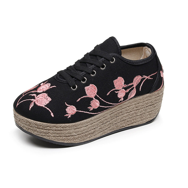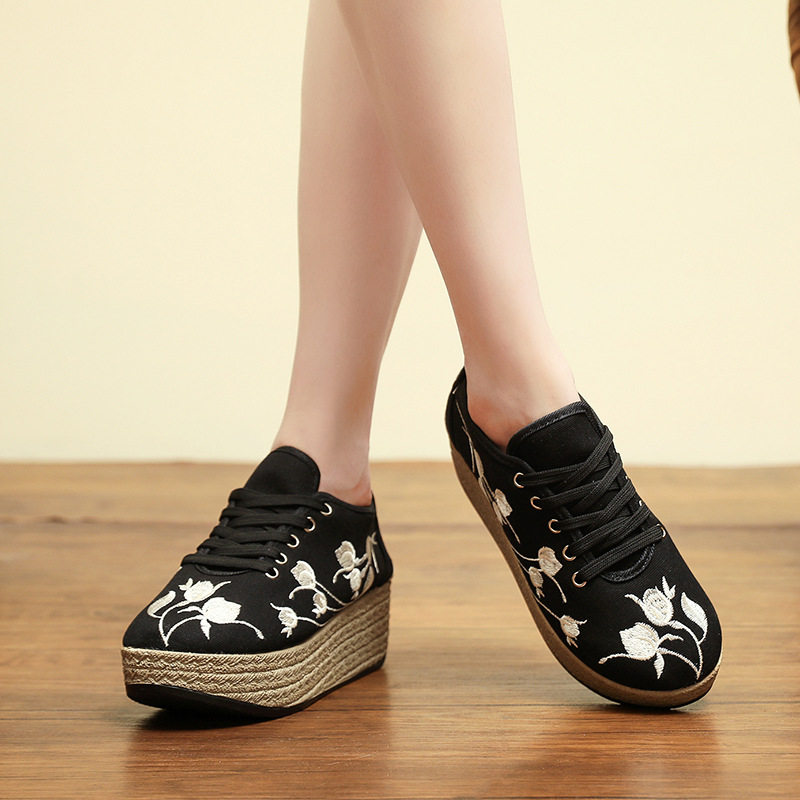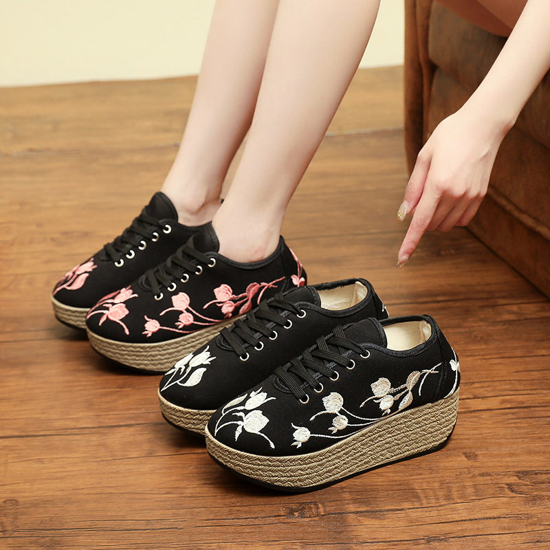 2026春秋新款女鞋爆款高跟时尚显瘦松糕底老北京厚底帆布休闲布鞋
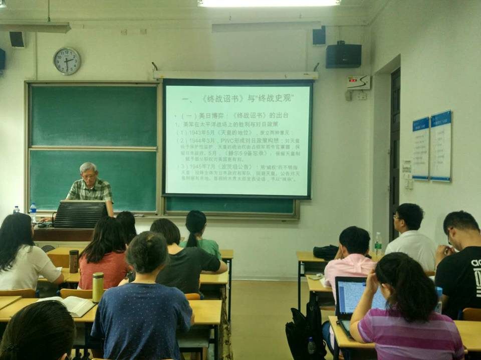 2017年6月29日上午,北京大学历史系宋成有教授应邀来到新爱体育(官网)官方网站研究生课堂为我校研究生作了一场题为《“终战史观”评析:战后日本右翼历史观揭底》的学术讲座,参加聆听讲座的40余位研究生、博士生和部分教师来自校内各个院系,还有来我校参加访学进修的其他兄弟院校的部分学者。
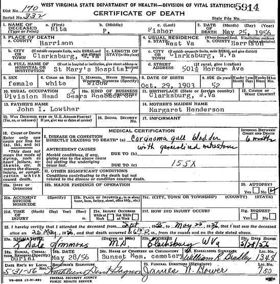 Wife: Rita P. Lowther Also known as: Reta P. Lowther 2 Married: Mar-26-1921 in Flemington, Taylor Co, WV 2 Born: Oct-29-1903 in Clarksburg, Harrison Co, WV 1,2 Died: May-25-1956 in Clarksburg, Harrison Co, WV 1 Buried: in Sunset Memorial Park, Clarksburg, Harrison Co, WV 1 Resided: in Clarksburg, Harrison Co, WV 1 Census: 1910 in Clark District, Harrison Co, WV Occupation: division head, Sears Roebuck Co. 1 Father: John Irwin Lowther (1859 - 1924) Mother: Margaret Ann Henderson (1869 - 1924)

**********

* **EXERCISE DETAILS**: Copy the data in full. No pictures belong in the copy.

* **EXERCISE SOLUTION**:
 2026春秋新款女鞋爆款高跟时尚显瘦松糕底老北京厚底帆布休闲布鞋
 2017年6月29日上午,北京大学历史系宋成有教授应邀来到新爱体育(官网)官方网站研究生课堂为我校研究生作了一场题为《“终战史观”评析:战后日本右翼历史观揭底》的学术讲座,参加聆听讲座的40余位研究生、博士生和部分教师来自校内各个院系,还有来我校参加访学进修的其他兄弟院校的部分学者。
 Wife: Rita P. Lowther Also known as: Reta P. Lowther 2 Married: Mar-26-1921 in Flemington, Taylor Co, WV 2 Born: Oct-29-1903 in Clarksburg, Harrison Co, WV 1,2 Died: May-25-1956 in Clarksburg, Harrison Co, WV 1 Buried: in Sunset Memorial Park, Clarksburg, Harrison Co, WV 1 Resided: in Clarksburg, Harrison Co, WV 1 Census: 1910 in Clark District, Harrison Co, WV Occupation: division head, Sears Roebuck Co. 1 Father: John Irwin Lowther (1859 - 1924) Mother: Margaret Ann Henderson (1869 - 1924)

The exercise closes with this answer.